- Interactive map of Kallang Park
- Location: Kallang, Singapore
- Opened: 18 October 1959; 66 years ago
- Closed: 1970; 56 years ago
- Status: Demolished

= Kallang Park =

Park in Kallang, Singapore

Kallang Park (劳动公园, Taman Kallang) was a large public park located in Kallang, Singapore. It existed from 1959 to early 1970s on the site currently occupied by the Singapore Sports Hub.

==Etymology==
Kallang Park was so named because it was built on the site of the former Kallang Airport runway, on the eastern bank of the Kallang Basin. The area is now part of the Kallang planning area.

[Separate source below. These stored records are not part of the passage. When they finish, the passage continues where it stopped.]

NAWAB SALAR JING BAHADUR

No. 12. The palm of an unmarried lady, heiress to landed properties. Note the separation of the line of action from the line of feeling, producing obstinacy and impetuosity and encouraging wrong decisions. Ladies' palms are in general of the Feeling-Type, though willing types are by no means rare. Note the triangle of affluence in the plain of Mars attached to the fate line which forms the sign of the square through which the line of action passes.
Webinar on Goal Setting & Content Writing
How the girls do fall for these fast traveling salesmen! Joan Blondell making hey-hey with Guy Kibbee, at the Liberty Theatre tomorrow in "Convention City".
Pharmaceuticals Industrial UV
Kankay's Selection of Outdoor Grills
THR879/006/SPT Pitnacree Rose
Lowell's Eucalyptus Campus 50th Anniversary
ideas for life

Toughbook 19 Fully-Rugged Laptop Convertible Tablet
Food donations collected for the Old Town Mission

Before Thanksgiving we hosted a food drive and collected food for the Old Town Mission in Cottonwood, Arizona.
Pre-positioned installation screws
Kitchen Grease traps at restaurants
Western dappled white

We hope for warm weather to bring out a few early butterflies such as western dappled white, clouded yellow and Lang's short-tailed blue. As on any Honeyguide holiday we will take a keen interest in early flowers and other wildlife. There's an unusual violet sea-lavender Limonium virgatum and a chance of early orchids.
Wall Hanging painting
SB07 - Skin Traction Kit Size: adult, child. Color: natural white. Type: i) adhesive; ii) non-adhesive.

Its Chinese name "劳动公园", however, translates to "labour park". Its Malay name "Taman Kallang" is a translation based on the English version.

==History==
Plans to convert the lands of the former Kallang Airport into public spaces were first announced by then-Minister for National Development Ong Eng Guan as "Project Long" in 1950s. It was constructed with the involvement of both the government and volunteers. The park was officially opened on 18 October 1959 by Parliamentary Secretary to the Ministry of Labour and Law Wee Toon Boon.

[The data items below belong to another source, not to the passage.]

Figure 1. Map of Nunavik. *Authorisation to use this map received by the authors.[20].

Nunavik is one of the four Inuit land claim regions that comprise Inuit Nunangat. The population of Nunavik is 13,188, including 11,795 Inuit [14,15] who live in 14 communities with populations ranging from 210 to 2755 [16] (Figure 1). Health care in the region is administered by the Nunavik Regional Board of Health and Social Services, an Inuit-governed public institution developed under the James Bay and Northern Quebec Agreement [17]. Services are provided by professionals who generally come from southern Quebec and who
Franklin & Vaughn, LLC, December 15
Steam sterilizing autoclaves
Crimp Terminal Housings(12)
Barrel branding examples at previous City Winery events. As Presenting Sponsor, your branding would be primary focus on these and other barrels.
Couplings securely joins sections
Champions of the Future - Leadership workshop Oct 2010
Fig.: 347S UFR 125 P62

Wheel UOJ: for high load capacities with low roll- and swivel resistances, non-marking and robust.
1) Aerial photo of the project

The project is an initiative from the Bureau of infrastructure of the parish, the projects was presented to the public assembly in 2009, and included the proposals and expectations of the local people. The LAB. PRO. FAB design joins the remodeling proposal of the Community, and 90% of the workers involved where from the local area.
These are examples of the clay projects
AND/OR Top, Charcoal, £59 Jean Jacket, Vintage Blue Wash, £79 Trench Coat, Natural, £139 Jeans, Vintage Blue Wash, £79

In July 1969, the Wonderland Amusement Park was integrated into the Kallang Park, costing an estimated amount of S$3 million in construction. In 1970, Singapore's largest cinema at that time, the Kallang Cinema (now the Kallang Theatre), was built in the Kallang Park.

By 1973, the former National Stadium was erected at the site of the Kallang Park.

Today, the same site has been redeveloped into the Singapore Sports Hub, consisting of the new National Stadium, Singapore Indoor Stadium and numerous other sports facilities. The name "Kallang Park" is now preserved in the row of godowns along Jalan Benaan Kapal.

==Facility==
Kallang Park had entertainment facilities for both adults and children, including kart racing, agriculture shows, roller coaster, ferris wheel, nightclub, bowling centre and ice skating rink, among others. Its most notable feature, however, was perhaps a fountain gifted by the Singapore Chinese Chamber of Commerce and Industry, noted for its futuristic design.